Take the lines below from the one with "Ort: Maxim Gorki" through the one with "Rosetten bis 6" and retype them exactly. Include nothing else, and no pictures.

---------- DATA SHOWN

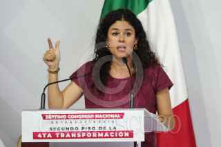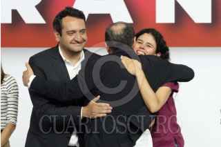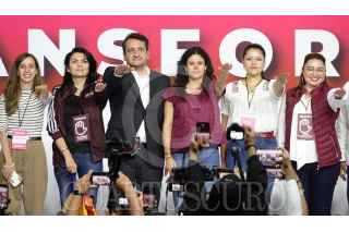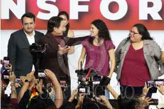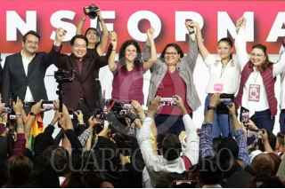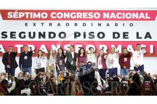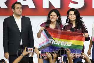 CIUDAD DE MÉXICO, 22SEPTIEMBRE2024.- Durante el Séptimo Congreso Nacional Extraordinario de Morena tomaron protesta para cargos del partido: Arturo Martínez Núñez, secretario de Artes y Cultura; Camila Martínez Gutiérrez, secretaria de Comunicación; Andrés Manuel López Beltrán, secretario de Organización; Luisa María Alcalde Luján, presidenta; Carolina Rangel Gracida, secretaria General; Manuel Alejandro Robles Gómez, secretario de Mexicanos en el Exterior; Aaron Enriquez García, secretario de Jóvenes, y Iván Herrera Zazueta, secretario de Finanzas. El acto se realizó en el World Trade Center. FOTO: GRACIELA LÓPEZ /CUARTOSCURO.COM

--------------------
---------- DATA SHOWN

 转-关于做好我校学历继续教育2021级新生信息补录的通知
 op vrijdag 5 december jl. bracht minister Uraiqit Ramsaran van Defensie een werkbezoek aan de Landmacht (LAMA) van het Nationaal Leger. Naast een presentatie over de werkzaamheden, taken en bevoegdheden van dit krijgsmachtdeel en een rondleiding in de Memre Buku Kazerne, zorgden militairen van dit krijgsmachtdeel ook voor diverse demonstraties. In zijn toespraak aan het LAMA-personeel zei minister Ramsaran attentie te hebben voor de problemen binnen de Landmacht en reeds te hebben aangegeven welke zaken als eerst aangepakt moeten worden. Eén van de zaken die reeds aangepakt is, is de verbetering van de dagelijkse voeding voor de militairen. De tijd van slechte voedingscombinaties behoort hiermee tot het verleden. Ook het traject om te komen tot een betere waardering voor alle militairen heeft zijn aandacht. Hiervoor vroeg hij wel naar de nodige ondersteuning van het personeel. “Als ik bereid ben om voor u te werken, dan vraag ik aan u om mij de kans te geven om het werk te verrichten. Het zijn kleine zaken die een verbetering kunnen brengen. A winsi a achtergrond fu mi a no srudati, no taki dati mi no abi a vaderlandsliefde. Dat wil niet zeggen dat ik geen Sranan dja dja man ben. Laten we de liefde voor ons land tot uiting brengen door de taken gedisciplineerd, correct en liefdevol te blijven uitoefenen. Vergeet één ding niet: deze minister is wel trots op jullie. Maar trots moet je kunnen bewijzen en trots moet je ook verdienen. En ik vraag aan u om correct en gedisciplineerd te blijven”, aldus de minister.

--------------------
---------- DATA SHOWN

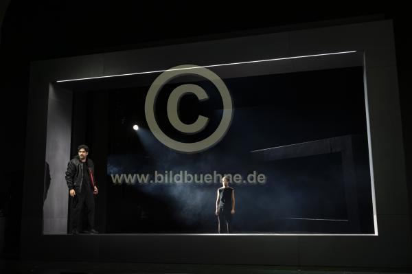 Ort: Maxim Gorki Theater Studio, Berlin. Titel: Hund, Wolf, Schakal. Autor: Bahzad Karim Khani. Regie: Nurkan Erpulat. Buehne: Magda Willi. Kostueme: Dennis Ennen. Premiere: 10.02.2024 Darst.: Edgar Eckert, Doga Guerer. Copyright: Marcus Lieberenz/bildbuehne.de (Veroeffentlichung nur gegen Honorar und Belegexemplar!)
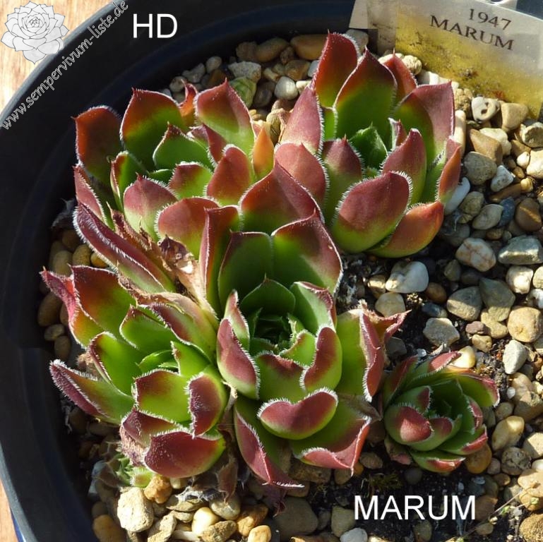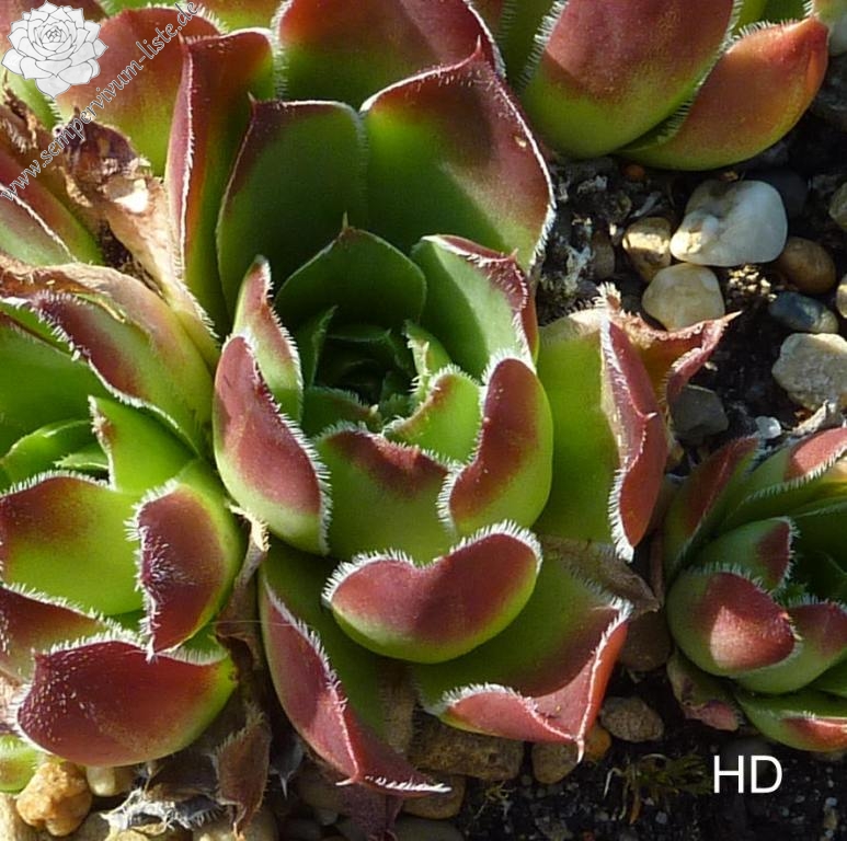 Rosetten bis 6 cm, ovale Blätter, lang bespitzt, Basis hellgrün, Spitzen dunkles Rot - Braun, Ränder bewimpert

--------------------

RESPONSE FOR THIS EXERCISE –
 Ort: Maxim Gorki Theater Studio, Berlin. Titel: Hund, Wolf, Schakal. Autor: Bahzad Karim Khani. Regie: Nurkan Erpulat. Buehne: Magda Willi. Kostueme: Dennis Ennen. Premiere: 10.02.2024 Darst.: Edgar Eckert, Doga Guerer. Copyright: Marcus Lieberenz/bildbuehne.de (Veroeffentlichung nur gegen Honorar und Belegexemplar!)
 Rosetten bis 6 cm, ovale Blätter, lang bespitzt, Basis hellgrün, Spitzen dunkles Rot - Braun, Ränder bewimpert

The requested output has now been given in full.